PS - great photo of Batur, very menacing

Well, if we ignore the Winnebago travelling, oh, 300 km/h or more, the fact that giants balls of magma are raining from the sky is pretty farfetched. And by pretty farfetched, I mean close to impossible, especially at a rhyolite caldera like Yellowstone. Giant pumice blocks? Maybe. Fully molten boulders of magma raining from the sky? Not so much.

The fact alone that the eruption shows fire in the ash clouds is reason enough to do a facepalm...

On the other hand, there is no volcano movie that gets it right... unfortunately

It's a film (a pretty poor one at that). Aside from what Eric has also mentioned, I love how everyone seems to think it would go in a single giant blast (maybe it would be a big blast once the pressure drops enough for the overlying ground to drop into the volcano), I think it more likely that a Yellowstone event would go in a sequence of smaller blasts, perhaps a sequence of VEI6 blasts until the caldera forming event (See Supervolcano 2 part docu/drama...at least they tried to present some scientific evidence)

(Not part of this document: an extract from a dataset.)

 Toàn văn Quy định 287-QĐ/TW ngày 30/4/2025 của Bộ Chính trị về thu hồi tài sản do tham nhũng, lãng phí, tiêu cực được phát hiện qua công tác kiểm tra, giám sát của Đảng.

Aside from that...the CGI was pretty good, just a shame the movie is sooooo bad. I mean I like a good disaster flick as much as the next guy, I actually liked "The Day after Tomorrow" but 2012 is a stretch too far, its plotless drivel and a waste of 2 hours or so of my life that I will never get back.

All in the name of money. Science is not the point in movies.

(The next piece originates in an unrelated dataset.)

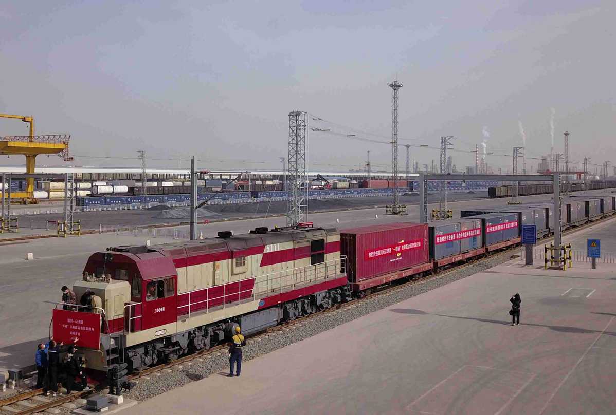 A freight train carrying containers for export departs from Yinchuan, Ningxia Hui autonomous region, for Tianjin in March. YU JING/CHINA NEWS SERVICE

By Chance Metz (not verified) on 13 Nov 2009 #permalink

My script for a yellowstone super volcano movie would start with a winter scene on a farm in eastern North Dakota. A middle aged couple waking up to the still dark sky, thick ash drifting down, kind of like the descriptions of the black dusters in "the worst hard times". They would discover that their electicity, internet, TV and radio were all cut off due to downed lines and electrostatic interferance. The roof would be groaning from the added weight of the ash, but they couldn't go outside to clear it off. And they know what's goind on. A series of flash backs would start, beginning with 5 or 6 years earlier when the seismic activity under yellowstone lake started to creep above back ground levels (like this last spring). other flash backs would deal with the uncertain goverment policy on evacuations (like with st. Helens in 1980), social and economic dislocations, personal drama around the question of whether to move out or not, and then whether to move back when the risk seemed to subside. Nature shots, real science, exploding geysers, romance in the lab? Yes. Supersonic winnibagos, brave helicoptor pilots rescuing hikers under billowing ash clouds and cute bambi- like dear outrunning the eruption? Sorry, not this time. And the ending? Insert your favorite here:

Anyone can make that kind of script up.

By Chance Metz (not verified) on 13 Nov 2009 #permalink

I did check out the Mayon picture and they sure picked a crummy one. And it does look like Krakatau. Oh, well...

As for the Winnabego scene, I know I will not be wasting my time on that movie!

I also read in the news (I wish they would shut up about 2012)that there are some people that are loosing sleep over the idea the world is going to end. Come on, people! The media wants to scare everybody. That is big news, you see. Yeah, right!

The Idea about the end of the world is not a new one, 2012 will be replaced with another date, 2036 apophis asteroid is supposed to give us a close miss some time around there, but thats good enough for doom mongers.

The media love a good (or bad) story and plenty of people still believe everything they see in a news paper and on TV, but now with the internet you can just type doomsday into a search engine and get your own flavour of death and destruction all with "scientific proof" and badly translated ancient writings from long dead civilizations (If these cultures had such knowledge why are they dead?)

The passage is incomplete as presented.